After they sent the personalized videos, the engagement went off the charts. They sent it to about 10,000 students, but it had twice as many views. They had a record number of enrollments that year. This was because they were able to create a personal connection with their students. They found a way to tap into the passions of their students through video.
How to Overcome the Disadvantages of Video
While video has become an increasingly popular form of content, there are some disadvantages to it.
Video isn’t as skimable as other content such as text. If a customer only had a few minutes to consume content, they could easily skim a blog post and gain value out of it. However, video is a linear playback format. Consumers can’t easily skip through the video to pull out the main message as fast as possible. They often have to commit to watching the entire video. Because of this, we have to be more respectful of our audience’s time. We can ask ourselves, “Can I cut this 10-minute video into five minutes and still get my point across?”
Often, the shorter the video, the better, although it still depends on the content in the video and the platform it is published on. For example, people on YouTube are much more willing to watch a 20-minute video than someone on Instagram or Facebook. In order to properly leverage video, we should be very conscious of the length and our customers’ time.
Another key thing to be aware of is that video can be a window into our personality and brand. If we use it right, it should amplify our brand and be a great advantage to us. It could stir more emotion and make us more memorable. On the flip side, if we don’t do video well, it could also amplify the negative sides of our brand.
“We want to be conscious of how we can really lean into making this a front face of our brand that draws people in and leaves them with the impression we want to leave them with,” Tyler said.
Another disadvantage of video is that it can be difficult to rank high in search results. Since Google typically ranks text, it would be easier for a blog post to rank higher than a video. While SEO is changing and we are starting to see more videos ranked in Google, it still isn’t quite as easy as text. So, how can we rank as high as possible?

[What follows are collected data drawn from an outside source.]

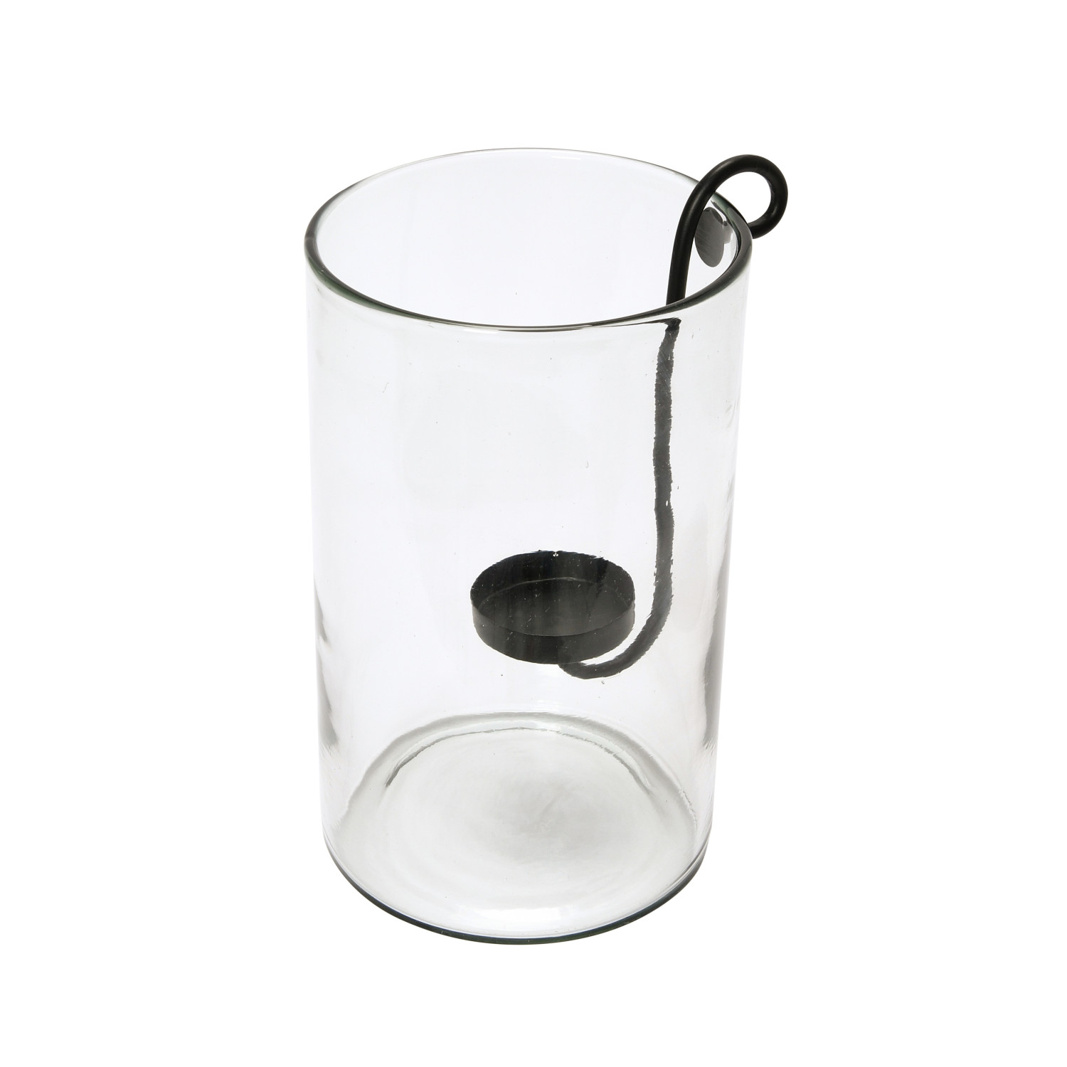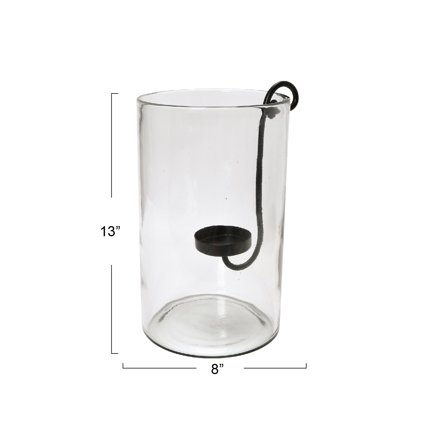 Catalog Name: 7-1/2" Round x 12-1/2"H Glass Hurricane w/ Metal Candle Holder, Black, Set of 2, Truck Ship
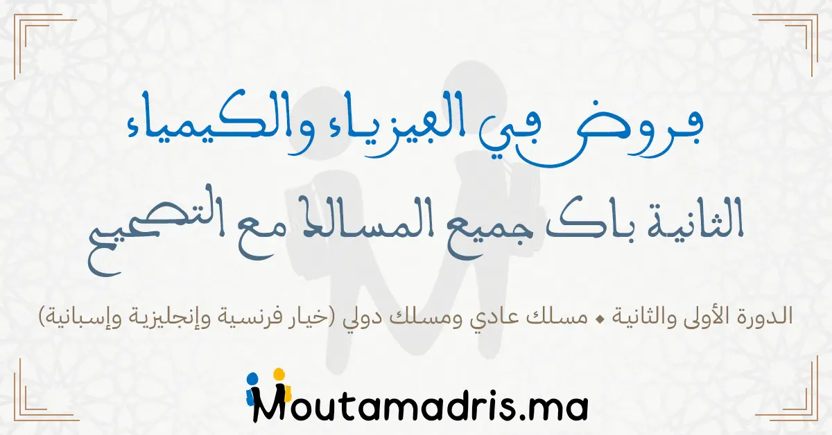 تحميل فروض الفيزياء والكيمياء الثانية باك علوم الحياة والارض مسلك دولي خيار فرنسية 2024-2025 مع التصحيح الدورة الاولى و الثانية, فروض محروسة المراقبة المستمرة في مادة الفيزياء والكيمياء بالفرنسية الثانية بكالوريا مسلك علوم الحياة والارض مصصحة مع الإشارة إلى غياب بعض الملفات أو الحلول.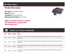 **Fast same day shipping if order is placed prior to 1PM EST typically.** DIRECT FITMENT FOR 98-02 ONLY. FITS 93-97 WITH MODIFICATIONS. The caliper has been tested to ensure that the piston can be compressed and that the slide pins aren't frozen.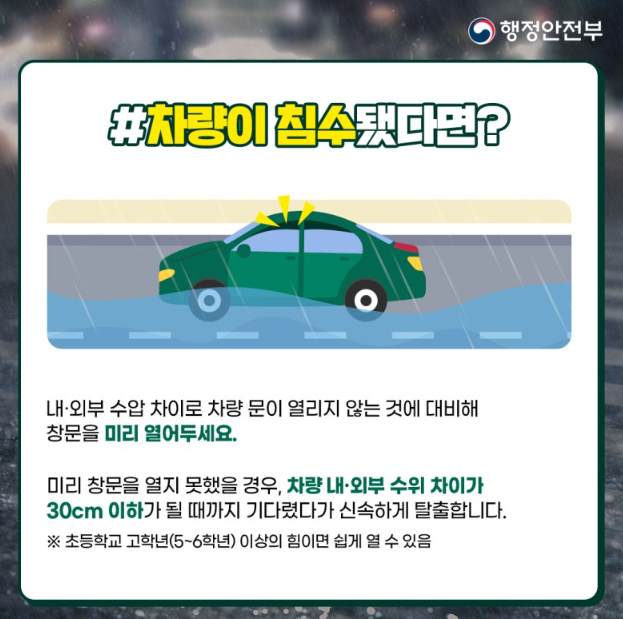 자동차 내·외 수압 차이로 차량 문이 열리지 않는 것에 대비해 창문을 미리 열어둡니다.

A great way to combat this is to do more SEO and keyword research. We can create titles for our videos filled with keywords or a common question our customers search. Some businesses will do additional SEO research on YouTube and look for keywords. Even if we can’t rank highest on Google, we can try to rank the highest on other platforms. We can also consider including our video with the transcript or a blog post to help Google properly rank our content.
There is a sort of artificial barrier when it comes to creating video content. Many businesses or entrepreneurs think they don’t have the right skills to create their own video content. However, we just need to push past it. We should all get to the point in our businesses where it is just as easy to create a video as it is to create a blog post.
One way we can do this is by practicing and creating a culture of video in our workspaces. We can find mentors to help teach us and then we can begin using videos internally. It could be as easy as recording ourselves answering questions or recording a screen share presentation. These little things can build our confidence and muscle memory.
Thank you so much Tyler for sharing your stories and insights with us today. Here are some of my key takeaways from this episode:
- As a business, we should focus on the customer’s current experience while also looking one to two years ahead and watching for major tectonic shifts.
- Video marketing has become one of the most important tectonic shifts we can leverage today.
- Video creates personal connections with our audience, shows transparency, creates more trust, and feels more authentic.
- With video we should be respectful of our audience’s time. We should also be conscious of the keywords we use to help our SEO.